When asked about that on Tuesday, Trump responded: “I don’t care what she said.”
This is no longer about removing Iran’s nuclear capability, it’s a regime-change war.
US President Trump ran on a platform of being the peacemaker, the only President not to start new wars. The Maga movement supported his campaign specifically to end the foreign wars that are bleeding ordinary Americans dry. Big name journalists, politicians, activists – some former Democrats – crossed the floor to support a Republican candidate so he could put America First and end the influence of the military-intelligence-corporate Deep State that has been running the country’s foreign policy for years regardless of the elected government or the wishes of the people. Everyone from journalists Glenn Greenwald and Tucker Carlson, congresswoman Marjorie Taylor Greene, former congresswoman Tulsi Gabbard, podcast king Joe Rogan, lawyer and health campaigner Robert F. Kennedy Jr, and the world’s favourite conspiracy theorist Alex Jones - all supported Trump on this basis.
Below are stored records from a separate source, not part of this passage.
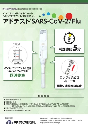 アドテストSARS-CoV-2/Flu(コロナ+インフルエンザの検査)1キット税込2300円です。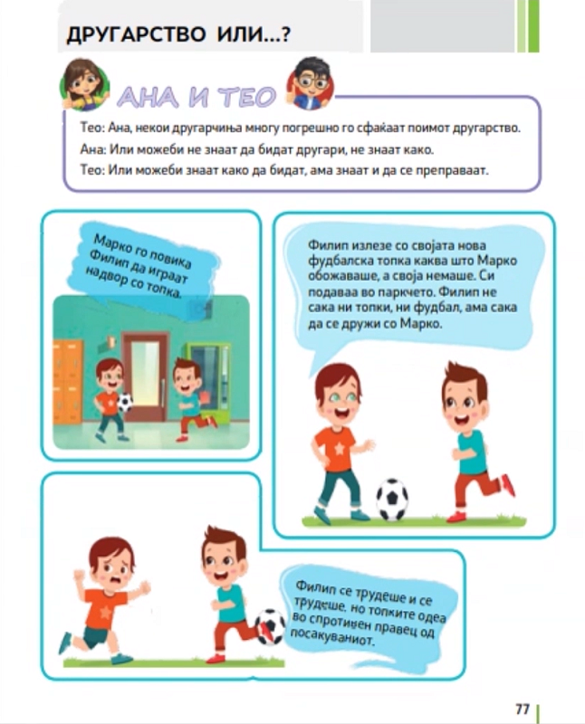 Таа додава дека целиот учебник се темели на трите принципи на новата концепција за основно образование – инклузивност, родова рамноправност и интеркултурност. Во согласност со потребите на современиот свет, во материјалите акцентот е ставен и на медиумската култура и медиумската писменост.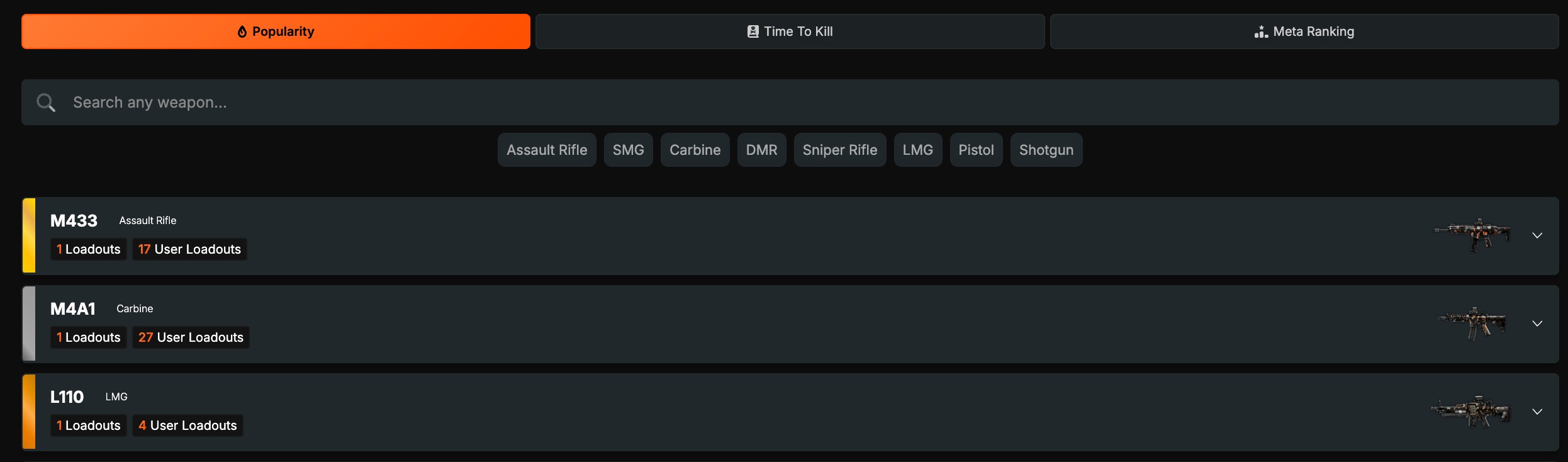 A hétvégi adatok alapján az M433, M4A1 és L110 triója a három legjobb és legnépszerűbb választás. Az SMG rajongók pedig az SGX mellett teszik le a voksukat. Ahogy sejteni lehetett, ezúttal sem maradunk ajánlott kiegészítők, azaz loadoutok nélkül.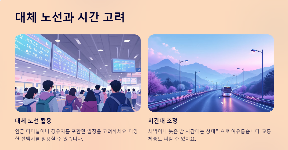 대체 노선이나 경유지를 포함한 일정을 구성하면 더욱 다양한 선택지를 활용할 수 있습니다. 인근 지역의 버스 터미널을 이용하거나, 여러 노선을 결합해 최적의 경로를 설계하는 것도 방법입니다.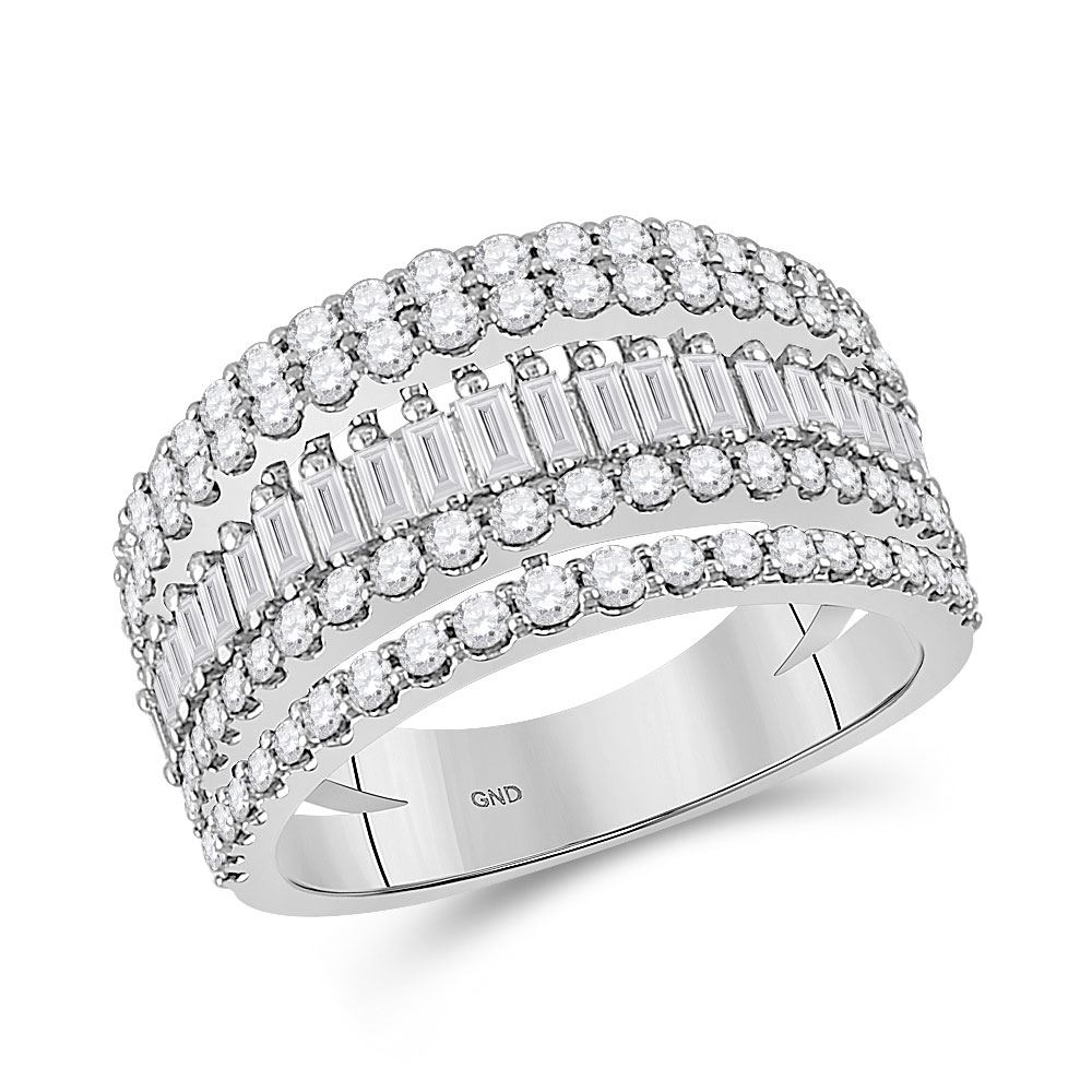 14kt White Gold Womens Baguette Diamond Modern Cocktail Band Ring 1 Cttw.

Trump simply turned on them, calling Carlson “kooky” and reportedly excluding Tulsi Gabbard from decision making.
This war is particularly dangerous because it risks dragging everyone in. The Islamic world is on the brink of joining forces to destroy Israel, after a year of disturbing images from Hamas’s war, which it deliberately prolonged in the hopes of acheiving exactly that outcome. Pakistan has threatened to nuke Israel if Israel nukes Iran. They’re just itching for it. Trump told everyone in Tehran to immediately evacuate, implying that a nuke might fall on the Iranian capital.
Even if no nukes fall, and a conventional war is begun, Iran is a large and organised country with a modern military. It’s not like dropping bombs on primitive villagers - something even the Houthis seem to withstand.
We don’t want a decade of terrible war, with death and destruction.
So who are the chief pushers of this?
We are not mind-readers. We are not privy to the inner machinations of geopolitics, and yet we must try to understand what is going on in the world around us, all while knowing that our newspapers only report regime lies to us and that our elected governments don’t even appear to be making these decisions anymore.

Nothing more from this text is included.